_SOURCE DATA_
· · · ·
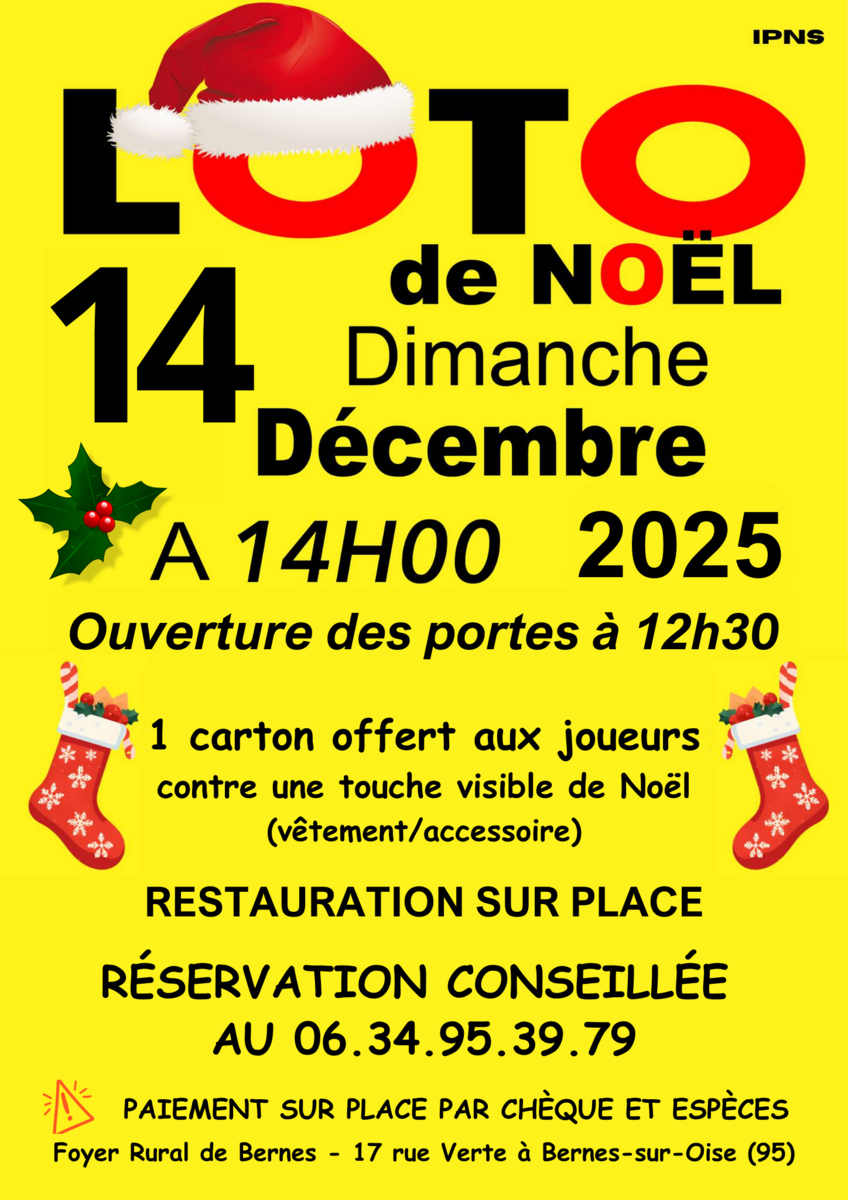 Loto dimanche 14 décembre- FR BERNES 11/17/25 ouverture des portes à 12h30 Début du loto à 14h Source : Fédération Départementale des Foyers Ruraux du Val d'Oise
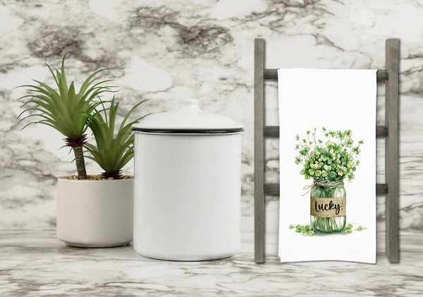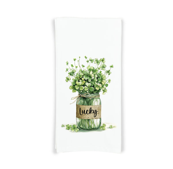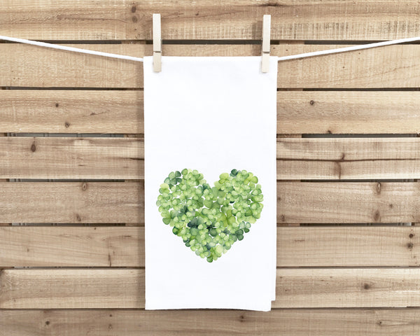 Lucky Shamrock Bouquet and Shamrock Heart set of two 27x27 flour sack kitchen towels.Use them for St. Patty's Day party decor, baking, cooking, crafting, dusting, wiping up spills, straining flour or water, polishing surfaces, as a decorative addition to your kitchen or bath or as a dish cloth.• 100% Cotton
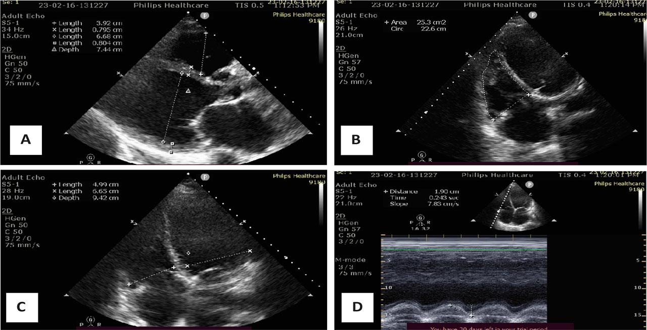 Transthoracic echocardiography on admission: A - Severely dilated left ventricle (LVEDD 66 mm), severely reduced ejection fraction (EF 21%); B - RV FAC – Right ventricle fractional area shortening (28%); C - RV/LV - mid linear dimension ratio in 4 chamber view (0,75); D - TAPSE – tricuspid annular plane systolic excursion (16 mm).
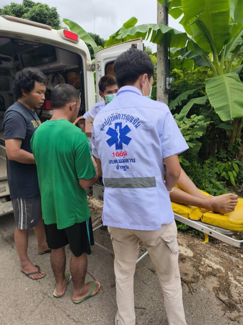 ออกเหตุรับผู้บาดเจ็บบ้านห้วยทรายขาว หมู่ที่ 7 ตำบลแม่ลาน เนื่องจากมีอาการวูบ ตกรถมอเตอร์ไซค์ ทำการปฐมพยาบาลเบื้องต้น นำตัวส่งโรงพยาบาลลี้ อำเภอลี้ จังหวัดลำพูน เพื่อทำการรักษาต่อไป
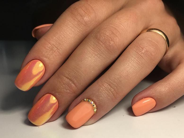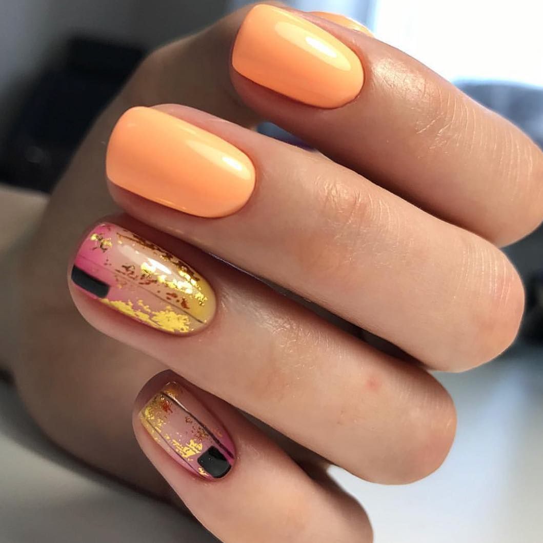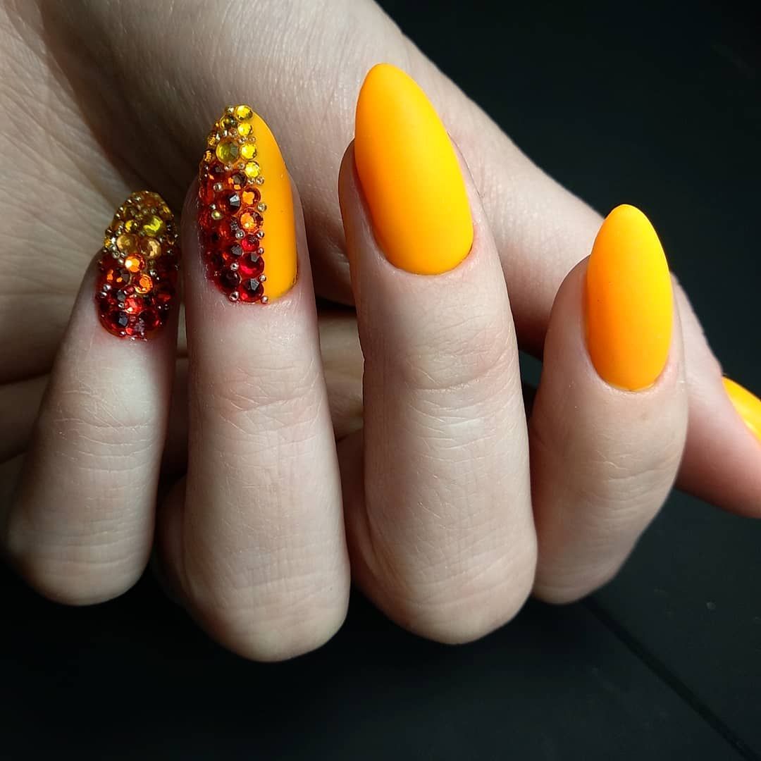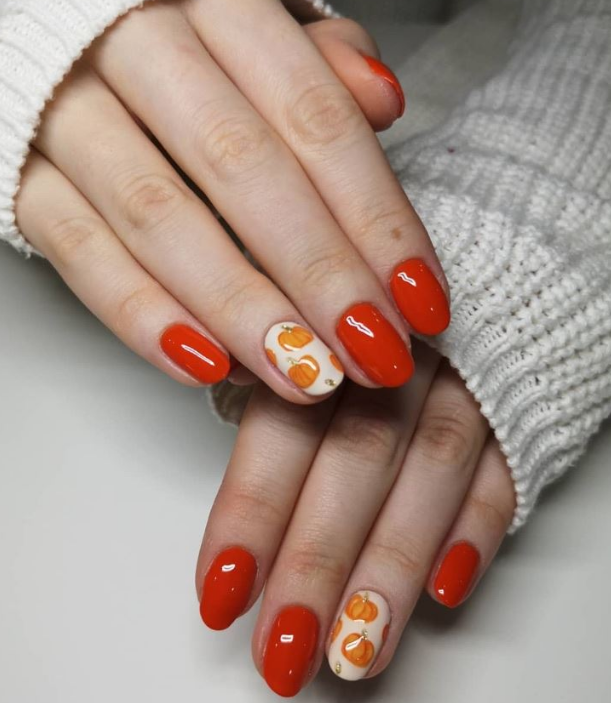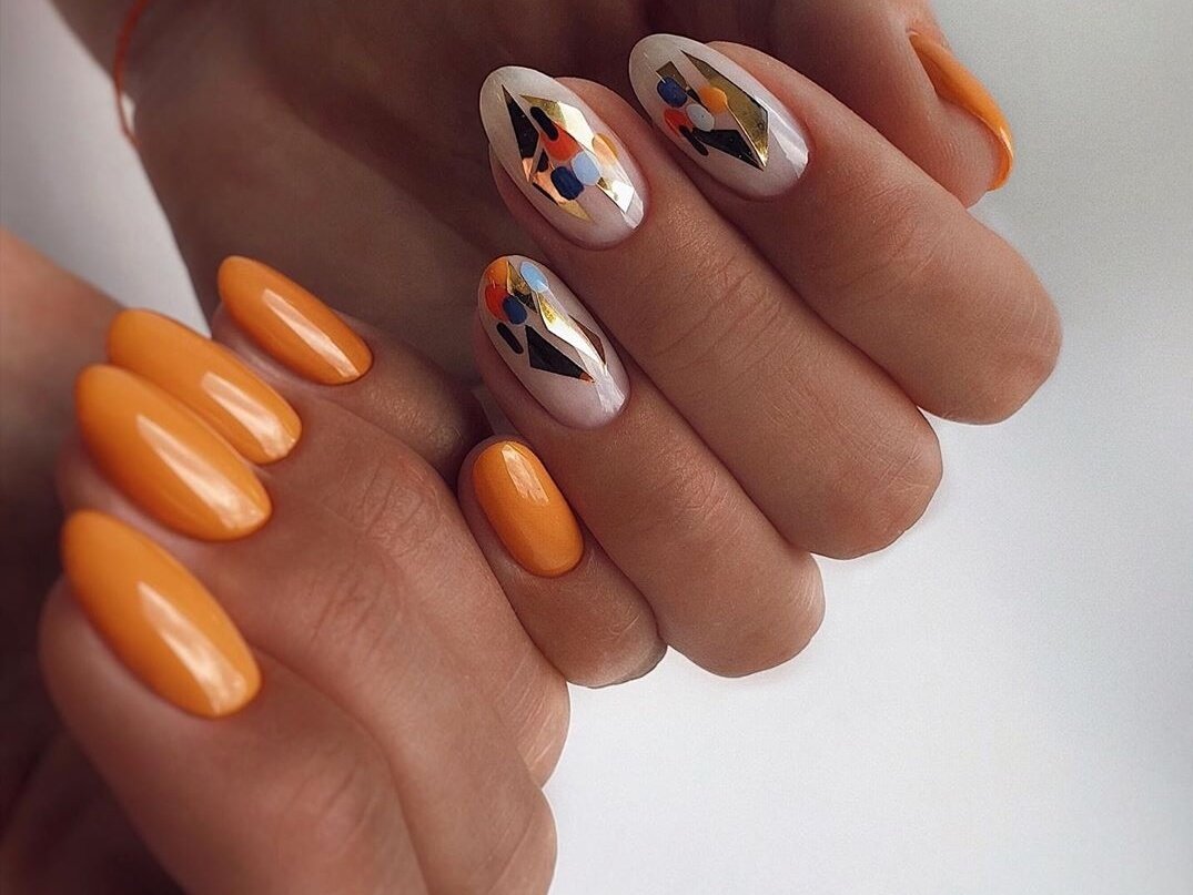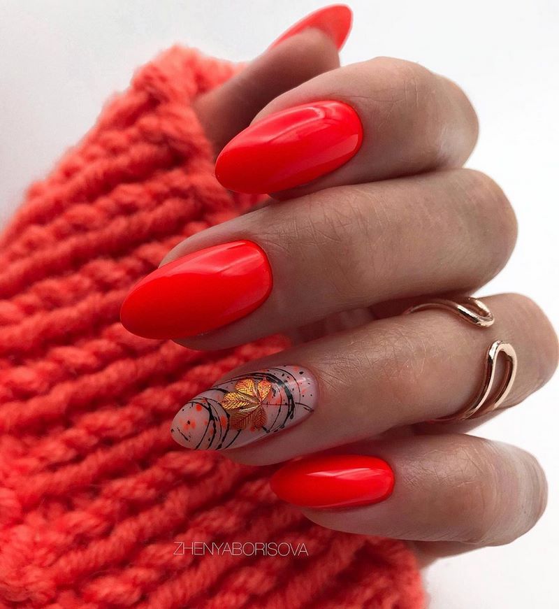 Все оттенки оранжевого как никогда актуальны именно осенью. Для создания модного маникюра выбирайте оттенок с медным тоном. Он может стать как базовым, так и использоваться для стильного акцента.
· · · ·
_REQUIREMENT_
Extract exactly the lines above from the line containing "Lucky Shamrock Bouquet" through the last one, both ends included, but not the pictures.

_SOLUTION BELOW_
 Lucky Shamrock Bouquet and Shamrock Heart set of two 27x27 flour sack kitchen towels.Use them for St. Patty's Day party decor, baking, cooking, crafting, dusting, wiping up spills, straining flour or water, polishing surfaces, as a decorative addition to your kitchen or bath or as a dish cloth.• 100% Cotton
 Transthoracic echocardiography on admission: A - Severely dilated left ventricle (LVEDD 66 mm), severely reduced ejection fraction (EF 21%); B - RV FAC – Right ventricle fractional area shortening (28%); C - RV/LV - mid linear dimension ratio in 4 chamber view (0,75); D - TAPSE – tricuspid annular plane systolic excursion (16 mm).
 ออกเหตุรับผู้บาดเจ็บบ้านห้วยทรายขาว หมู่ที่ 7 ตำบลแม่ลาน เนื่องจากมีอาการวูบ ตกรถมอเตอร์ไซค์ ทำการปฐมพยาบาลเบื้องต้น นำตัวส่งโรงพยาบาลลี้ อำเภอลี้ จังหวัดลำพูน เพื่อทำการรักษาต่อไป
 Все оттенки оранжевого как никогда актуальны именно осенью. Для создания модного маникюра выбирайте оттенок с медным тоном. Он может стать как базовым, так и использоваться для стильного акцента.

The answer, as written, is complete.